BOŞANMA DAVASINDA AF OLGUSU
Boşanma davası açmaya hakkı olan eş, boşanmaya neden olan karşı yanın kusurlu davranışlarını izah ederek yetkili aile mahkemesinden boşanma talep edebilecektir. Boşanma sebebi ispatlanmış olursa, hâkim boşanmaya karar verebilecektir. İşte bu aşamada dikkat edilmesi gerekenlerden biri boşanma davası açarken dayanılan nedenlerin önceden affedilmemiş eylemler olmasıdır. Davacı, önceden karşı yanın yani eşinin kusurlu davranışlarını affettiyse; affettiği hususlara dayanarak açtığı boşanma davası reddedilecektir.
Yargıtay Hukuk Genel Kurulu 2017/2067 E., 2019/296 K. Sayılı Kararı ile "Boşanma davasında af niteliğinde sayılan davranışlar boşanma davasının reddine gerekçe oluşturur. "Af" sözlük anlamı ile bir suçu, bir kusuru veya bir hatayı bağışlama olarak tanımlanmış olup, ceza hukukunda yer verildiği gibi özel hukuk bakımından da Kanunlarımızda düzenleme yeri bulan, esasen bir haktan vazgeçmeyi içeren bir his açıklaması veya bir davranış şeklidir." şeklinde af olgusunu açıklamıştır.
Örnekle açıklamak gerekirse; davacı eş aldatılmış ancak eşini affetmişse açacağı boşanma davasında affettiği aldatma olayı karşı tarafa kusur olarak yüklenemeyecektir. Yaşanan olayların affedildiğinin beyan edilmesi, olayı hoşgörü ile karşılayacak nitelikte davranışlar sergilemek, yaşanan olaylara rağmen evlilik birliğini devam ettirmek gibi durumlar affetmeye örnek gösterilebilir.
Aşağıda aktardığımız konuya ilişkin yargıtay kararları yer almaktadır. Yargıtay kararlarının incelenmesinde somut olayın özelliğine ve irdelenmesine göre af iddiasının değerlendirildiği görülecektir.

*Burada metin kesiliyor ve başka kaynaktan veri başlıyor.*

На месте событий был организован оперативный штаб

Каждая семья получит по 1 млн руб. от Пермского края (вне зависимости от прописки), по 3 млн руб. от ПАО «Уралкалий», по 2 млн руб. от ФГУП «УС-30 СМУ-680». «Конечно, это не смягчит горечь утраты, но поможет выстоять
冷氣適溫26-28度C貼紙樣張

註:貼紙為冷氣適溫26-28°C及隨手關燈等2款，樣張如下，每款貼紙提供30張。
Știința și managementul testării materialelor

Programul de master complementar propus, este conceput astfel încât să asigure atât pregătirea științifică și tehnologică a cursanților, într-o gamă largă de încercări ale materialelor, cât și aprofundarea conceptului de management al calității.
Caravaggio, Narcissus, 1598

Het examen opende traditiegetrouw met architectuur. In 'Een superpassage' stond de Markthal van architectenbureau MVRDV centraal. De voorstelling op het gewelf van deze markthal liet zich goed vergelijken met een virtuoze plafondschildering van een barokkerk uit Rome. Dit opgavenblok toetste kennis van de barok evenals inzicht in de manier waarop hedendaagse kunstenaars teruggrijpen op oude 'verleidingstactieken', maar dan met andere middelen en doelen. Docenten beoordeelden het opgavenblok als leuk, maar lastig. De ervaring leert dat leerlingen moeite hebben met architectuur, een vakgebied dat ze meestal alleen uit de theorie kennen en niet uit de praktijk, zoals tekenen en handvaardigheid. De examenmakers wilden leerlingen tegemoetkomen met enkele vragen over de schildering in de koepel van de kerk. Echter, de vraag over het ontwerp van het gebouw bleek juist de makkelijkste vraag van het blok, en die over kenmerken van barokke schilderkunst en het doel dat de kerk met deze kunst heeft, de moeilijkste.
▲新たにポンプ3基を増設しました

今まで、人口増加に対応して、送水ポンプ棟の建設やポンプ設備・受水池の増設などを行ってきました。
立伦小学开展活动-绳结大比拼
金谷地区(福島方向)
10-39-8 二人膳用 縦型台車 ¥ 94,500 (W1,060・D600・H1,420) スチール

Yargıtay Hukuk Genel Kurulu 2017/2067 E., 2019/296 K.; "O hâlde, tarafların sırf aynı evde yaşaması evlilik birliğinin hâlen çekilebilir olduğunu gösteren bir delil veya olgu olarak kabul edilemeyeceği gibi, mahkemenin de kabul ettiği üzere taraflar arasında yaşanan ve ceza davasına konu olan fiziksel şiddet olayından sonra tarafların barışarak birlikte yaşamaya devam ettiği, öte yandan davalı erkeğin bu iddia nedeniyle yargılanıp mahkumiyetine yeterli delil bulunmadığından beraat ettiği, dolayısıyla fiziksel şiddet iddiasının davacı erkeğe kusur olarak yüklenmesinin mümkün görülmediği, ancak davacının eşine hakaret ettiği, davalı kadının ise eşine "şizofren" şeklinde sözler söylediği ve eşini eve almadığı tüm dosya kapsamı ile sabittir. Bu durumda, mahkemece tarafların eşit kusurlu olduğu gerekçesiyle boşanma kararı verilmesi isabetlidir."

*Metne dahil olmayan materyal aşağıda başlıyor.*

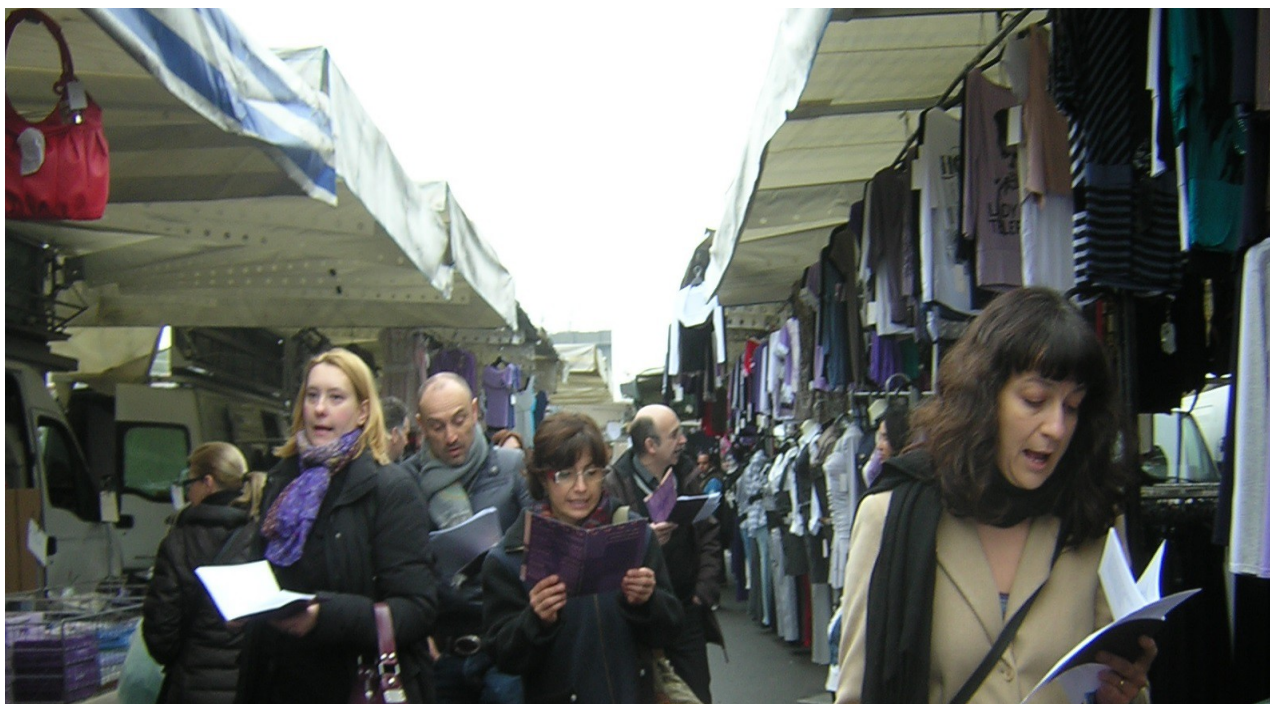
invasione del collettivo itinerante e corale "carovana dei versi - poesia in azione" al mercato di Varese (21.03.10)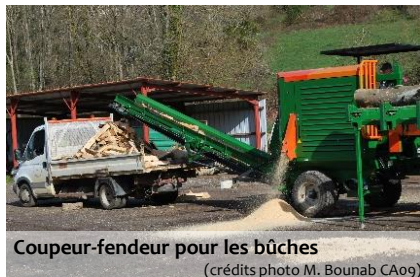
Coupeur-fendeur pour les bûches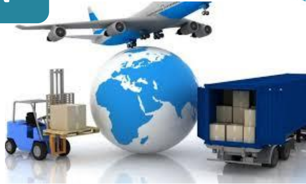
فروش و بازرگانی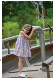
Gathering Place (50)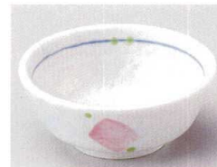
83-19-734 花ふぶき深口玉割 790円 11.8×4.7cm 08424731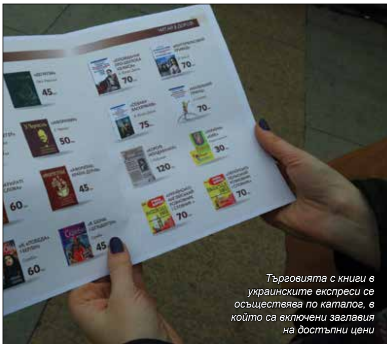
Търговията с книги в украинските експреси се осъществява по каталог, в който са включени заглавия на достъпни цени

* Букросинг (BookCrossing) е практика да се оставят книги на обществени места, за да бъдат намерени и прочетени. Всяка книга носи уникален номер, чрез който в Интернет може да се проследи нейното движение. Създател на инициативата е американският програмист Рон Хорнбейкър, а сайтът, в който се регистрират и следят заглавията, датира от 2001 г. Хората, които „хванат“ освободена книга, следват инструкциите, дадени на етикета: да посетят www.bookcrossing.com , за да видят къде е била книгата и да запишат отново, за да узнаят букросърите преди тях, че тя е в добри ръце. След като я прочетат, те от своя страна я „освобождават“ на обществено място, за да бъде отново намерена. Феноменът е разпространен в над 130 държави.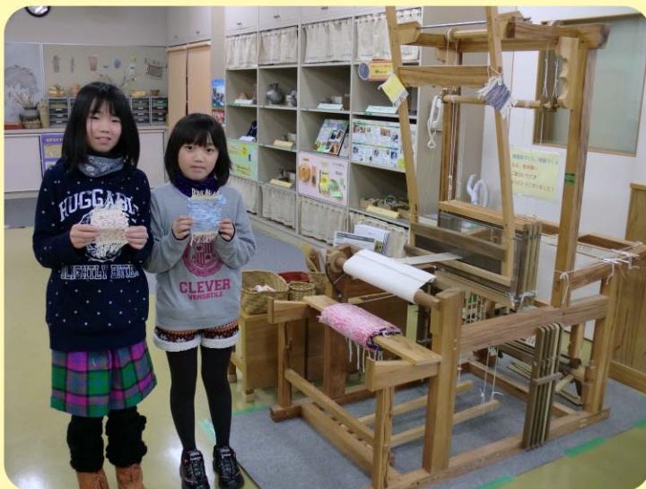
みんなで楽しく、はたおり体験

古代から使われている“ たかはた 高機”を使用して、織物 (幅 10cm、長さ 10cmほど) を製作します。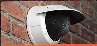
Axis Seite 84 Panoramakamera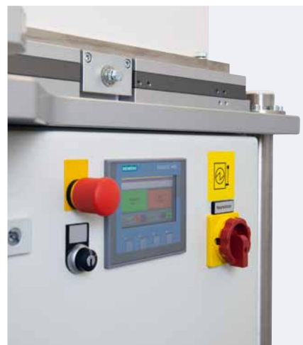
Panel táctil para manejar el plato rotativo

Junto con la práctica bandeja, la mesa angular de altura regulable facilita la impresión de piezas de distintas alturas. La barrera de luz garantiza una inserción segura de la mano en el plato rotativo.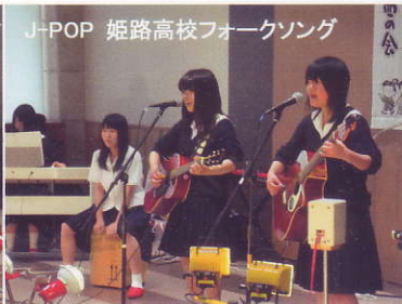
J-POP 姫路高校フォークソング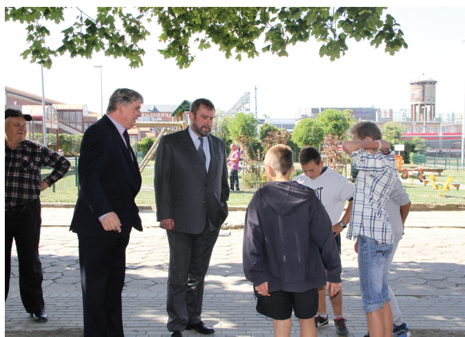
Mieszkańcy Zatorza czekają już na kolejny budżet obywatelski i rozmawiają z prezydentem Tczewa o swoich nowych pomysłach

2 siłownie powstały również na os. Górki (rejon skweru 750-lecia oraz ul. Malczewskiego i Stanisławskiego) i na Suchostrzy-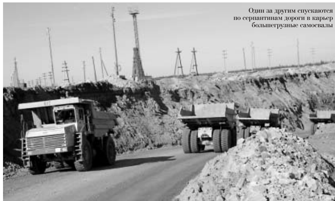
Один за другим спускаются по серпантинам дороги в карьер большегрузные самосвалы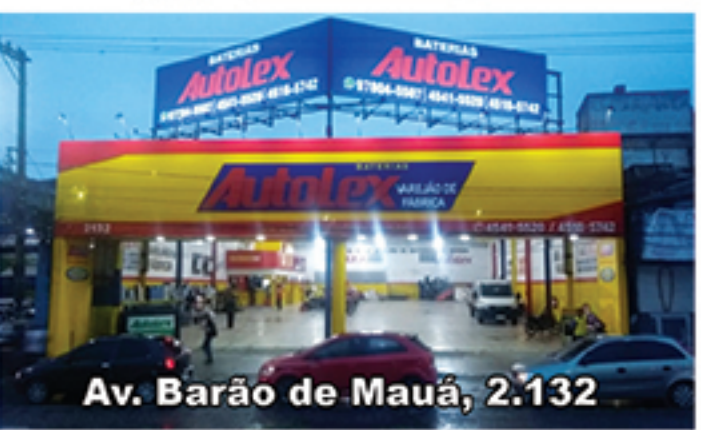
Av. Barão de Mauá, 2.132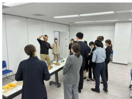
バイヤーによる講習

Yargıtay 2. Hukuk Dairesi 2016/13152 E., 2017/10906 K; "Affın kabul edilebilmesi için affı gösterir fiili bir tutum ve davranışın gerçekleşmiş olması gerekmekte olup ayrıca af olgusunu iddia edenin bunu somut delillerle kanıtlaması gerekir. Yapılan yargılama ve toplanan delillerden, tarafların yılbaşı günü çocukları için bir araya geldiği, hava muhalefeti nedeniyle davacı kadın ile davalı erkeğin aynı evde kaldığı taraf ve tanık beyanları ile sabit olup bu durum tarafların evlilik birliğini devam ettirmek üzere bir araya geldiğini göstermeye yeterli değildir. Bu durumda kusurlu davranışların affedildiği en azından hoşgörü ile karşılandığının kabulüne olanak bulunmamaktadır."

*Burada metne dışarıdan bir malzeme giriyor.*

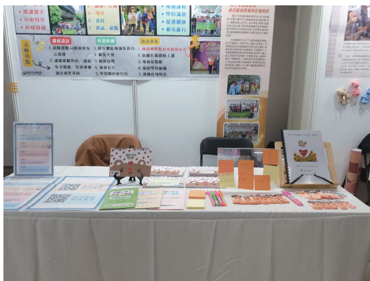
海報展攤位照片，當天展出進階班學員筆記（中）和初階班活動紀實（右），搭配互動小遊戲，請現場民眾推薦走讀行程，除了宣傳活動，也可以提供講師規劃課程。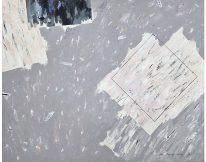
Simultaneity 93-715 (1993), acrylic on canvas, 91 × 116.8 cm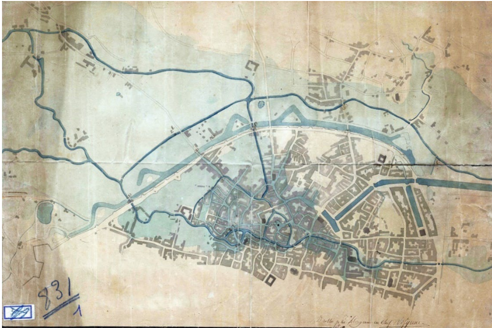
Jean-Baptiste Vifquain, Plan de l'inondation extraordinaire du 20 au 21 janvier 1820 , Dessin © Archives de la Ville de Bruxelles, Fonds administratifs Travaux Publics, PP 0831-01

Une autre gravure, visible au Musée des Égouts, illustre l'inondation de 1850 à la Place du Vieux Marché aux Grains. À l'avant-plan on distingue le bassin Sainte-Catherine du port intérieur de Bruxelles. Il sera remblayé plus tard pour l'édification de l'actuelle église Sainte-Catherine.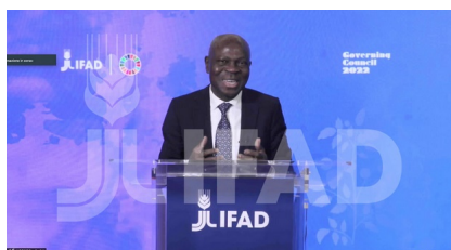
Le Président du FIDA, M. Gilbert F. Houngbo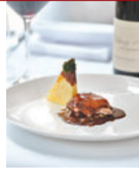
■ ChezPatrick法國五月美食節布根地晚餐 (HK$550/位)

另外，為推崇法式品味生活，從品嚐Kronenbourg 1664中，享受藝術帶給大家的歡愉及快樂。在法國五月，安排了名為「IMMERSE IN FRENCH ART」的法式街頭藝術表演，如法式默劇師、真人銅像及手風琴家，在一個全新流動舞台「立體巨型三米高啤酒杯」(左圖)內演出，讓你從品嚐K1664中，體驗法式藝術情懷，並把法式品味融入生活。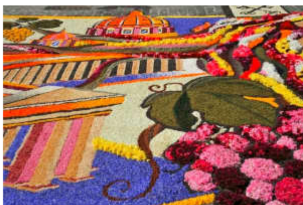
Infiorate di Spello

Le infiorate di Spello è diventata ormai la manifestazione principale della cittadina umbra. In occasione della Festa del Corpus Domini la città si sposa con i fiori che adornano 2 km di strade con opere artistiche di straordinaria bellezza. Questa bella manifestazione è ora inserita nel calendario italiano dell'Anno europeo del patrimonio culturale 2018.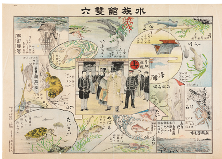
「水族館雙六」明治32年(1899)発行 縦52.3×横73.6 (cm)

なぜ、こうしたマスが設定されたのか。その点を考える前に、まず、この雙六が発行された明治32年当時の水族館の状況について振り返ってみましょう。じつは、

Yargıtay 2. Hukuk Dairesi 2016/17641 E., 2018/5896 K; "Yapılan yargılama ve toplanan delillerden; tarafların 01.07.2014 tarihinde evlendikleri, düğün merasiminin ise 22.02.2015 tarihinde yapıldığı, davalı-davacı erkeğin güven sarsıcı davranışları konusunda kadının bilgisi olmasına rağmen düğünün gerçekleştiği, düğün günü taraflar ve aileleri arasında düğünde takılan takılar sebebiyle bir takım olumsuz olayların yaşandığı, ancak buna rağmen tarafların balayına gittikleri bir süre sonra fiilen ayrıldıkları anlaşılmaktadır. Taraflar düğünden sonra birlikte balayına gittiklerine göre, tarafların bu tarihten önceki olayları karşılıklı olarak affettiklerinin en azından hoşgörü ile karşıladıklarının kabulü gerekir. Taraflarca affedilen veya hoş görülen olaylar boşanma davasında taraflara kusur olarak yüklenemez. Mahkemece taraflara kusur olarak yüklenen "güven sarsıcı davranış, küfürlü sözler ve ağır laflar" şeklindeki vakıalar düğün günü ve öncesinde yaşanan olaylar olup, az önce açıklandığı üzere taraflarca affedilmesi sebebiyle taraflara kusur olarak yüklenemez."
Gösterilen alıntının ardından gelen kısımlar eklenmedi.